The above is the basis of both semi-automatic and automatic simple signal circuitry.

As the dual aspect is mentioned let me expalin that there are two paths to light the red, the normal path which relies upon the signal relay releasing and the alternate path relying upon the trainstop being in the 'ON' position thus if the signal is green and the trainstop valve fails or the air hose ruptures, the motor fails etc the red will be lit by the trainstop while the green remains lit giving a dual aspect.

The humble track circuit in whatever form, there are several types in use, and the basic signal selection circuit and are the building blocks of the entire line signalling system. Trainstops stood the test of time as they continue so to do in the safe and effective control of trains not just at LU but on other railways around the world such as the NYC Subway. These days as with all things there are new ways to ensure safety and the trainstop is being phased out but I think they'll be around for a few years yet.

There are books about railway signalling but LU signalling is rarely covered in any detail or at all, the only real source being the IRSE but the best place to learn is by getting a job in the industry.


Brian

There are two textbooks that directly refer to LU signalling, both have been published as IRSE 'green books' - rather than the 1980 book 'Railway Signalling' and its companion 'Railway Control Systems'.

Both were published as part of a series on 'Route Control Systems' - I think the original was No 21 and the reprint was No 29. (There is someone asleep in my library at the moment so I can't check the references) - both these books have been republished in a combined volume recently.

Sadly these books only really cover programme machine working and very basic 'V' frame interlocking (21 programme only, 29 computer control of same), they won't teach you the basics of trainstop checking relays and things like the 'alternate red' as quite rightly mentioned by Brian - the best thing to do is to check out Tubeprune's [1] excellent site and most of your signalling queries will be dealt with there.

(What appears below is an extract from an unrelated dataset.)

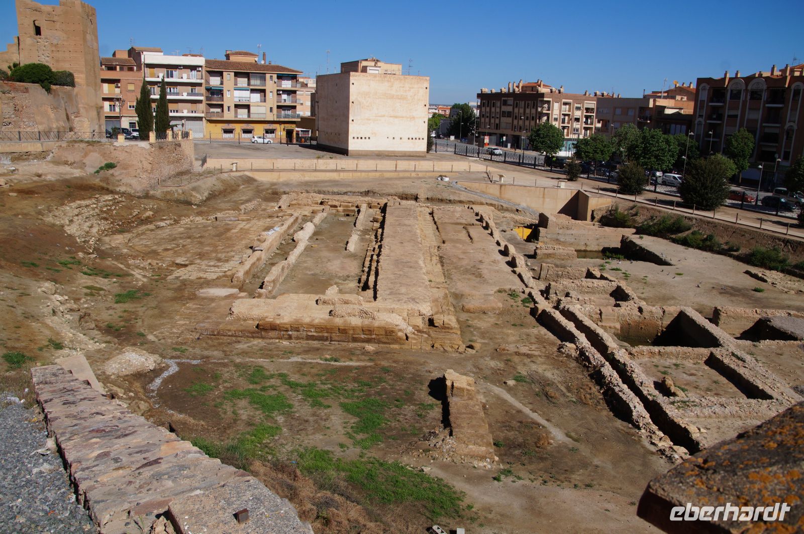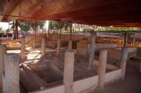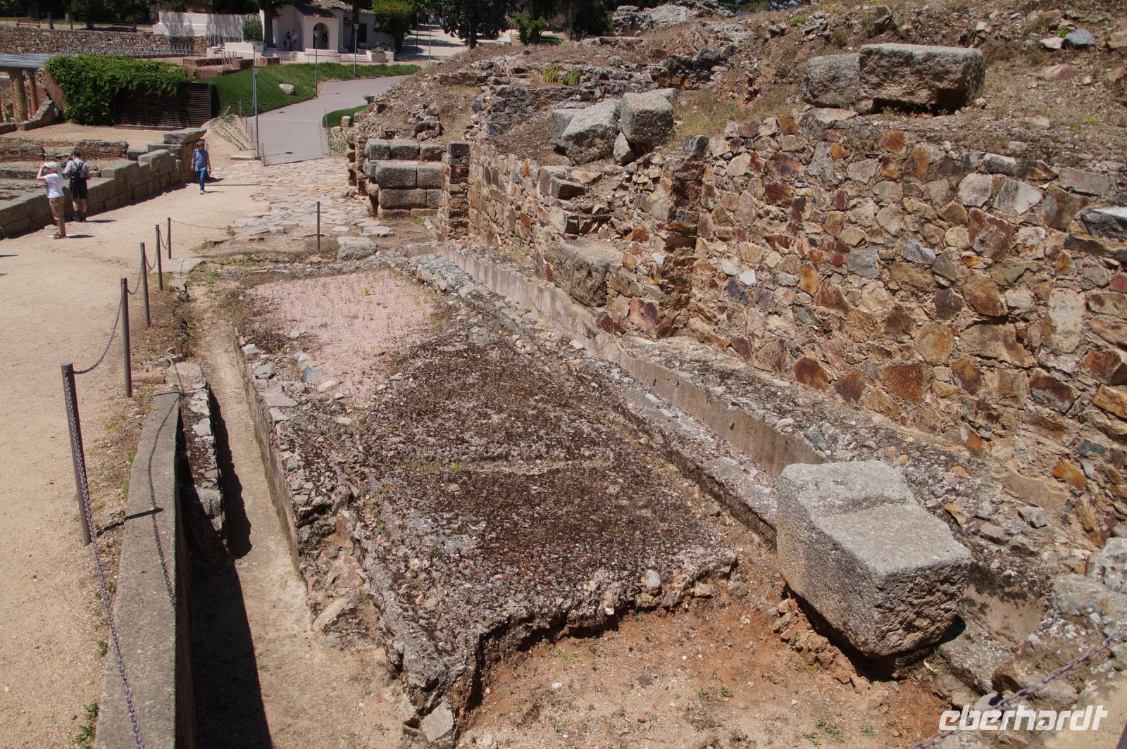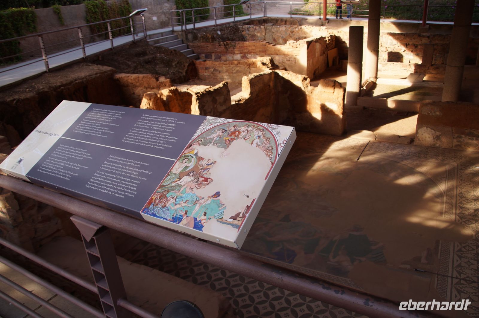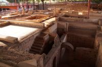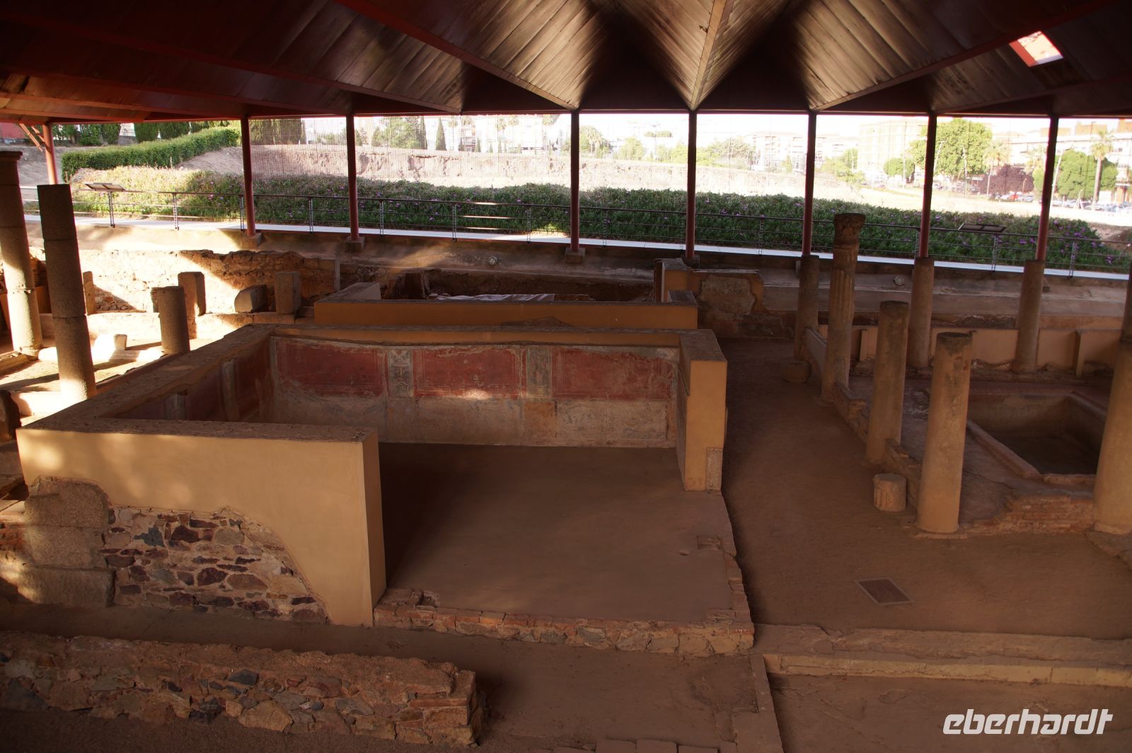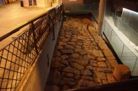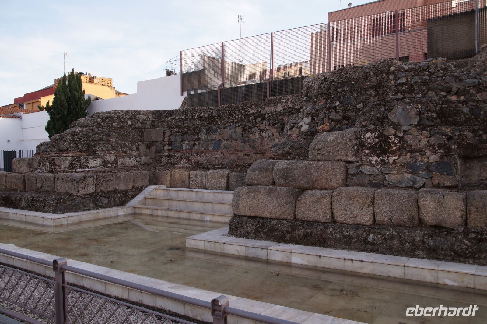 Hier stellt sich nun ein neues Problem: Wenn man den Diana-Tempel als Tempel für den Kaiserkult versteht, kann der Trajansbogen nicht den Eingang zum Provinzialforum darstellen, bzw, der Tempel für den Kaiserkult sollte auf dem Gelände des Provinzialforums gestanden haben. Hier beißen sich die Interpretationen. Mérida ist eine Stadt mit einer nun bereits über 2000jährigen Geschichte, in der durchgängig Menschen leben. Insofern ist es für die Archäologen schwer, ihre Thesen einfach mal zu überprüfen und den ganzen neumodischen Kram, der über den römischen Fundamenten steht, zu entfernen. Aber wir sahen eben auch, was passiert, wenn man heute in Mérida bauen möchte: Javier lud uns ein, mal etwas näher an ein großes, schmuckloses Haus mit dunklen Fenstern heranzutreten: Erst jetzt sahen wir, was sich hinter den Fenstern verbarg, wir wären gnadenlos daran vorbeigelaufen: Römische Fundamente lagen vor uns. Hier war eine Tiefgarage geplant worden - da muss man mit rechnen, dass solche "Überraschungen" auf einen zukommmen, wenn man in historischen Altstädten Großprojekte plant.

Of course you can ask silly questions here, as I do. ;D

[1] www.trainweb.org/tubeprune/signalling.htm for starters.

Thanks guys - that's really helpful
I like Tube prune's site - very clear

That was more or less the path I took. And I still miss the adrenaline rushes..!

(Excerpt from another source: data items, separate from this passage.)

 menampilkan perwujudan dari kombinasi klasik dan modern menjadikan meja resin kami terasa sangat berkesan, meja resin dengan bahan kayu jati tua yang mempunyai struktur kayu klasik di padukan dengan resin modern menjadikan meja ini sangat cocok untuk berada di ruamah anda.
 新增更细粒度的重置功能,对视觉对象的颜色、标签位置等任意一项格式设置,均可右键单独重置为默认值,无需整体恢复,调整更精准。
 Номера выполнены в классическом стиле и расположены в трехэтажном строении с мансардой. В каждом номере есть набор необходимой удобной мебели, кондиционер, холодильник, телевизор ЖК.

He doesn't actually say that but what he says is open to be incorrectly interpreted, the actual quote is;

"....... and secondly a narrow wavy band of stainless steel is welded to the head of the rails. This ensures that rust does not prevent electrical continuity being maintained. "

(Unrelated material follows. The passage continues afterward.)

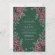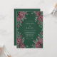 This design features a deep forest green backdrop that contrasts beautifully with rich burgundy roses. Delicate silver-toned leaves and botanical stems adorn the layout, creating a moody and sophisticated aesthetic for a formal winter affair. The lush floral arrangement includes open blooms and small buds for a refined look.
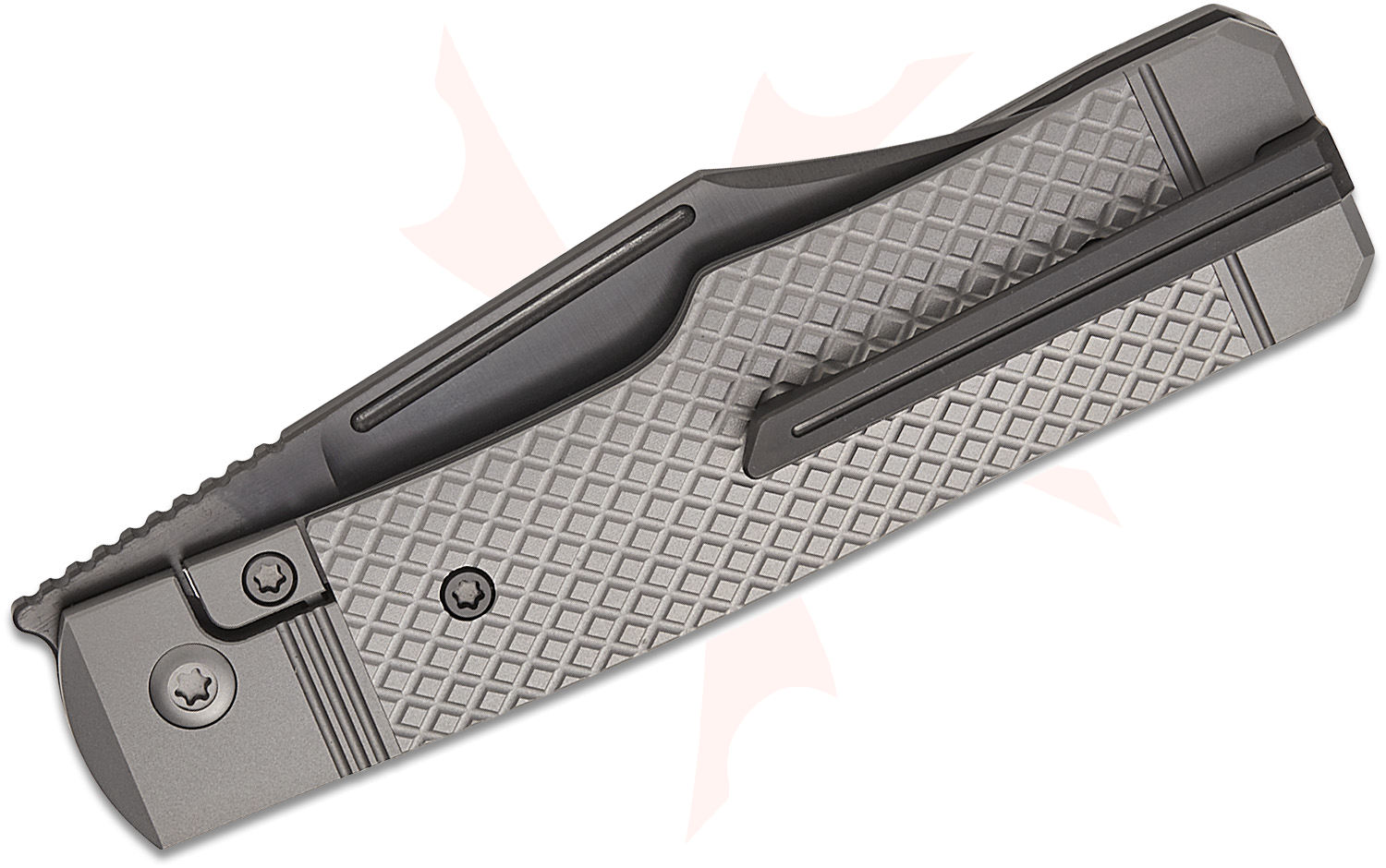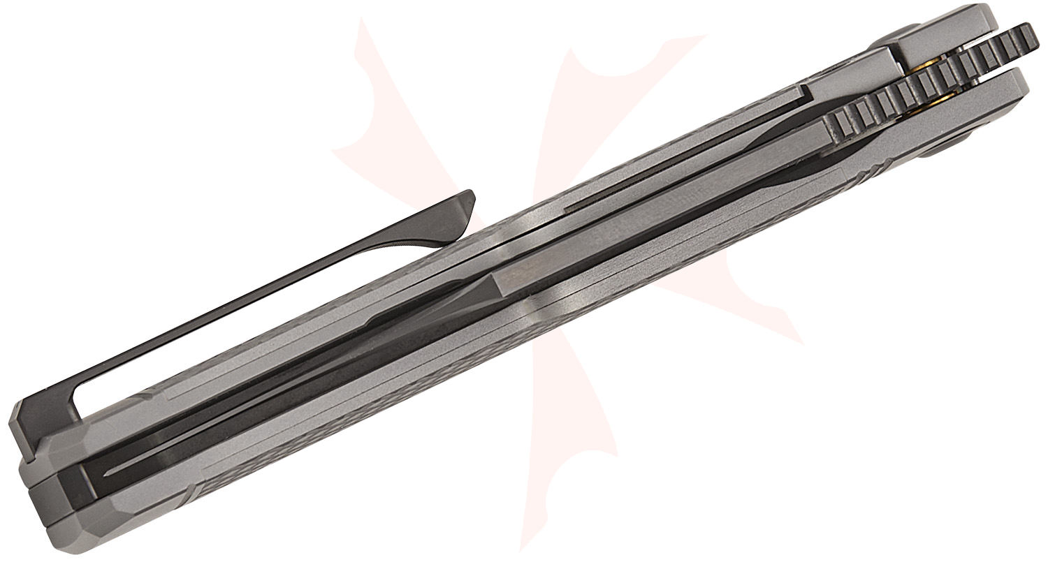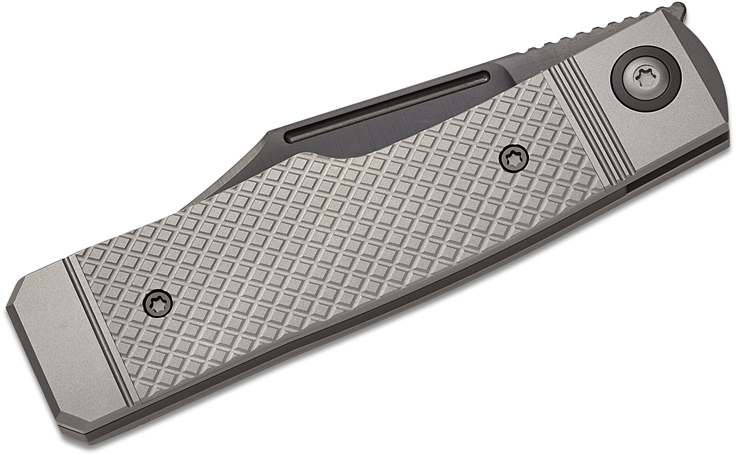- Handle Material: Glass Blasted Bolstered 6Al4V Titanium with Cross Hatch Titanium Scales

Obviously the idea of the stainless steel is that it does not rust and it is true to say that there is a better contact between the train wheels and the stainless steel strip than there would be between the wheels and the crown of the rail because the same force is exerted on a smaller cross sectional area.

As we know theory and practice are often incongruent and stainless still wavy strips may not rust but they do oxidise just like other metals and as we also know tracks will 'pickup' quite easily under a stabled train after just a few nights. South Harrow and Acton Town are two places in my old maintenance patch where we had track fuses pulled normally to ensure siding tracks were down and stayed down, a lineman's attendance being required to move trains in/out of South Harrow and Acton Works.

When the 83 stock were being moved from South Harrow to Acton Works it was a dash to South Harrow IMR by van to get a train out of the sidings then a dash back to Acton Town East IMR to put the train into the Works before shuffling off to do my regular maintenance somewhere else .

For those who may not know or don't even realise it new rails are notorious for problems with track shunting in some cases although the weight and friction of the train wheels is eventually enough to shift the rust and special procedures ensure the integrity of the signalling system in such circumstances. It is not unusual to have to take a shovel to the railhead during rerailing to shift the rust.

He does in Principles of London Underground Operations. The photo caption (page 131) reads "...The rail nearest the camera has a wire welded to its top, to ensure that any train using it activates the track circuits through the increased pressure exerted on the rail."